My website was hacked. What should I do?

My website was hacked.First off, if your site was hacked, you have our sympathy. It's really frustrating – not only because it's troublesome to your visitors, but it's really difficult to completely remove the hack.

We offer website scanning for malware, adware, and signs of hacking.  We offer malware removal and firewall installation for WordPress websites.

Are you sure it's hacked?

Unless your website has obviously been defaced, go to http://www.google.com/safebrowsing/diagnostic?site=your domain name — if your website has been hacked, it should show a warning here.

If this doesn't show an error, it's possible your website has still been compromised, but it's less likely.  We can perform a thorough scan of a WordPress website and install a firewall to help protect from future attacks.

Change your passwords

If your site's been hacked, you need to immediately change all of your passwords. We recommend using strong passwords.

Restore from backup

If you have a backup of your website (and database) that you know wasn't corrupted, you should re-upload it to your hosting account.

Remove the hack

You're going to need professional help with this.  We offer malware removal for HTML and WordPress websites.

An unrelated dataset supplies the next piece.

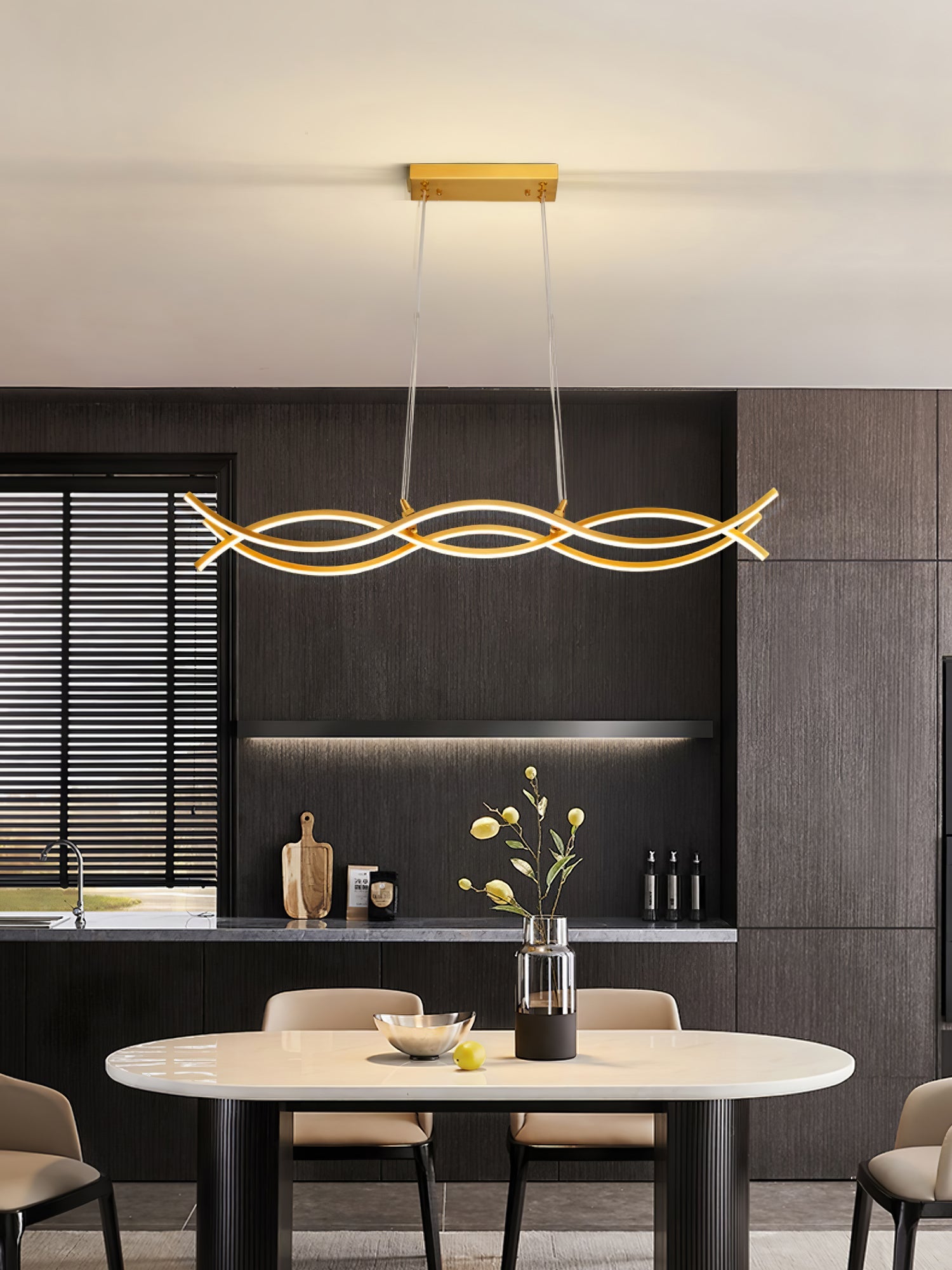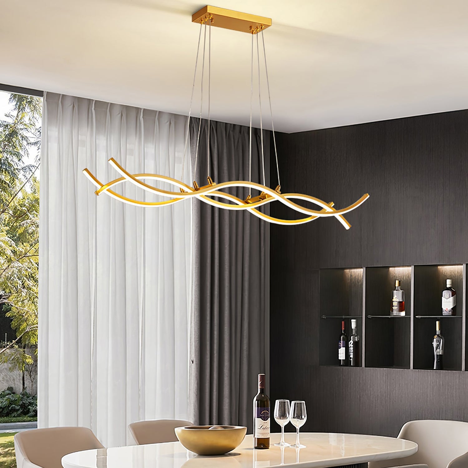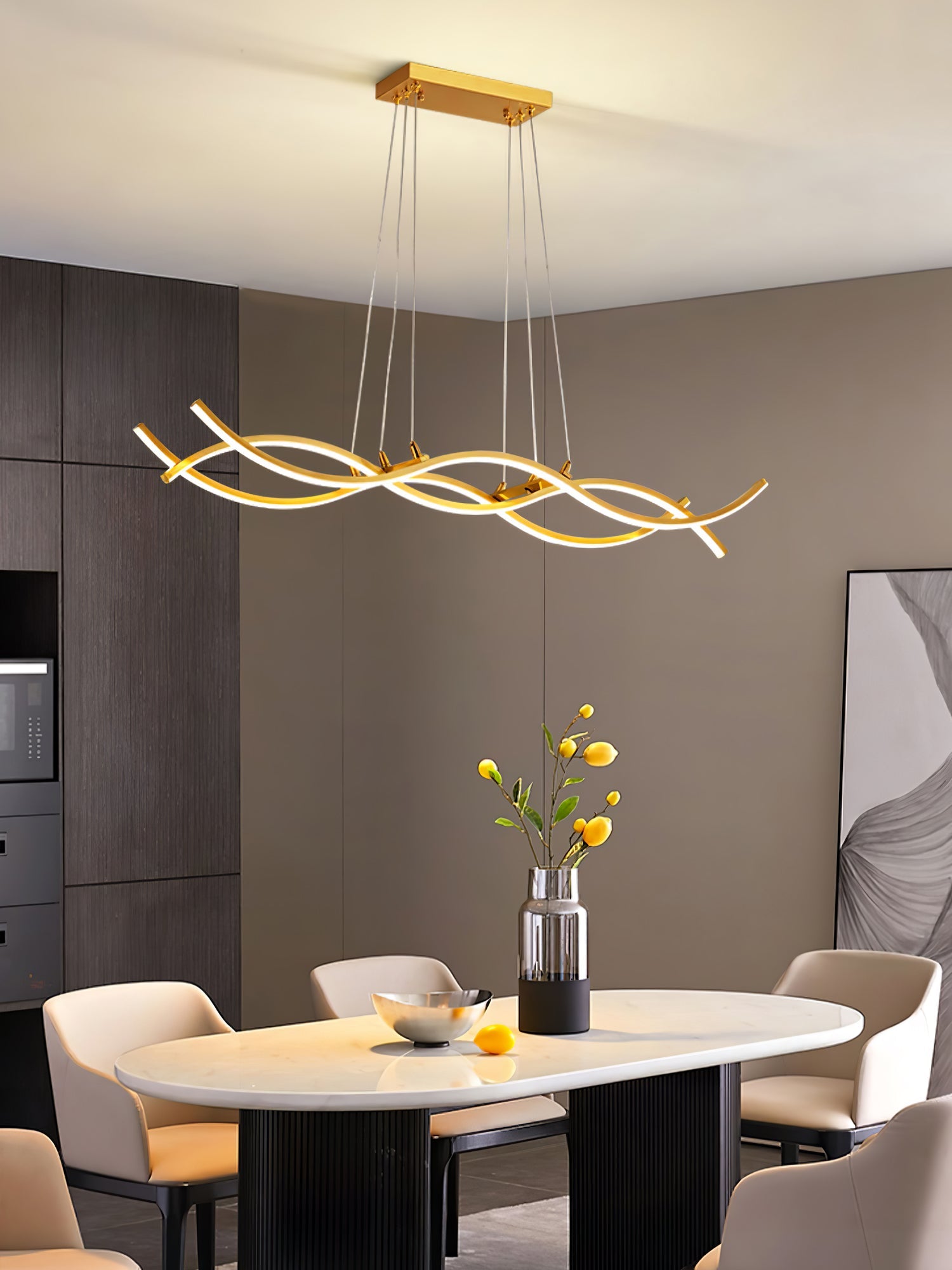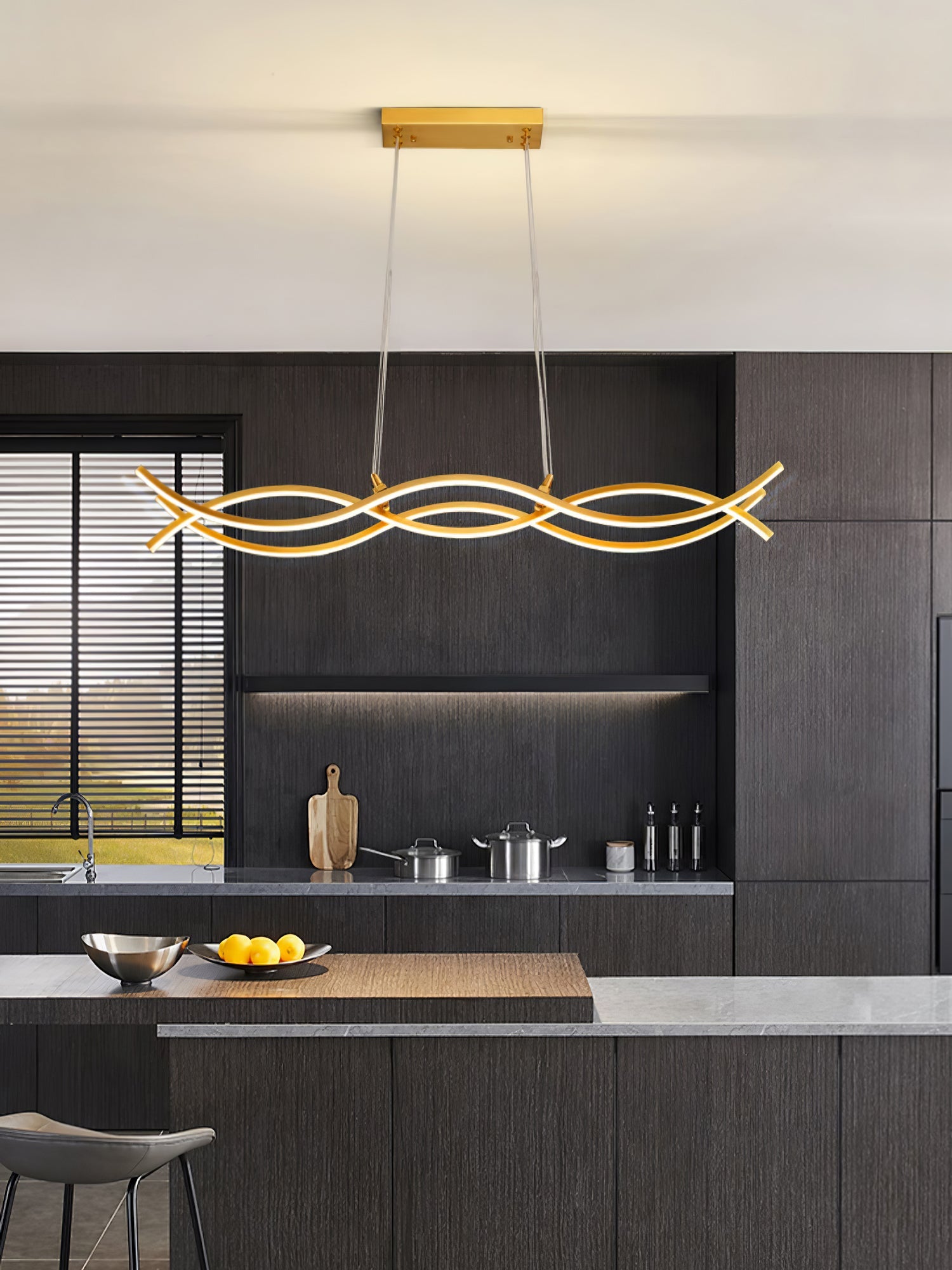 Modern elegance is flaunted by the Wave Island Pendant Light. This hanging lamp is made of platedBrassthat displays a refined fusion of wavy lines, with a soft wedge-type radiance. It is the perfect light fitting for the modern adventurous because of its artistic illumination, representing the glowing sun on top of mountain ranges.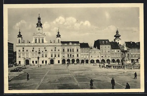 AK Ceské Budejovice, Strassenpartie mit Denkmal

Identify & fix the weakness

To prevent your site from getting hacked again, you should identify how your site was compromised. There are two types of weaknesses: passwords and structural problems.

Passwords

Most hacks happen because the attacker was able to guess your account's password by brute force. By simply changing your password (and using a stronger one this time), you can prevent these attacks from succeeding in the future.

Structural

These types of weaknesses require thorough testing to identify and professional help to resolve.